I think, Glenn, that if you stop and think about it, you'll see that you kinda answered your own question right there. (The other differences are that America has way more guns that Europe so more people wind up dead in altercations and the other parties spend longer in prison. Also, the U.S. is tougher on things like burglary and assault and battery, so we have a lot less of it than, say, Britain when adjusted for race.)

The extent of racial disparity in imprisonment rates exceeds that to be found in any other arena of American social life: at eight to one, the black to white ratio of male incarceration rates dwarfs the two to one ratio of unemployment rates, the three to one non-marital child bearing ratio, the two to one ratio of infant mortality rates and the one to five ratio of net worth.

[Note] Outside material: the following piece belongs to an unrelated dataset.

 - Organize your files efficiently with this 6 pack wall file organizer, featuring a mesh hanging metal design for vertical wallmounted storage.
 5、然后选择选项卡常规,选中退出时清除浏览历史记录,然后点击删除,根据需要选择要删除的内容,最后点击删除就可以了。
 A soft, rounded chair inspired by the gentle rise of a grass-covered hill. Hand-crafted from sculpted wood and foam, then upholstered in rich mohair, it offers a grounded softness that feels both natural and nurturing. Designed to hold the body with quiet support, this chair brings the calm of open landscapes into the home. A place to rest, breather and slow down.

Actually, there is one other arena where the racial disparity ratio is the same as in imprisonment: in committing crimes.

James Q. Wilson wrote:

Estimating the crime rates of racial groups is, of course, difficult because we only know the arrest rate. If police are more (or less) likely to arrest a criminal of a given race, the arrest rate will overstate (or understate) the true crime rate. To examine this problem, researchers have compared the rate at which criminal victims report (in the National Crime Victimization Survey, or NCVS) the racial identity of whoever robbed or assaulted them with the rate at which the police arrest robbers or assaulters of different races. Regardless of whether the victim is black or white, there are no significant differences between victim reports and police arrests. This suggests that, though racism may exist in policing (as in all other aspects of American life), racism cannot explain the overall black arrest rate. The arrest rate, thus, is a reasonably good proxy for the crime rate.

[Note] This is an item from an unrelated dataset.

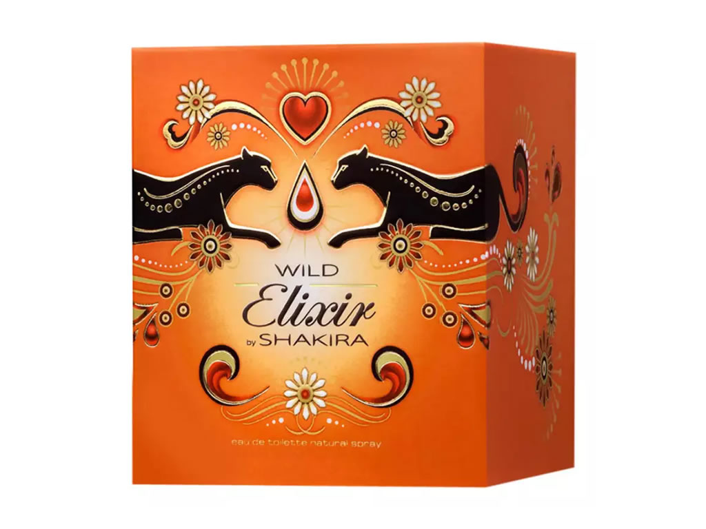 Oriental floral, o perfume revela o contraste entre força e feminilidade, luxo exótico e sensualidade atraente. O Wild Elixir by Shakira teve seu frasco concebido pela artista colombiana Catalina Estrada, que usou o ar selvagem da savana africana para traduzir em design o espírito da fragrância.

Black men commit murders at a rate about eight times greater than that for white men. This disparity is not new; it has existed for well over a century. When historian Roger Lane studied murder rates in Philadelphia, he found that since 1839 the black rate has been much higher than the white rate. This gap existed long before the invention of television, the wide distribution of hand guns, or access to dangerous drugs (except for alcohol).

Loury acts ignorant of the fact that America cut its imprisonment per crime rate sharply back in the later 1960s. There were more people in prison in 1960 than in 1970. How'd that work out for us?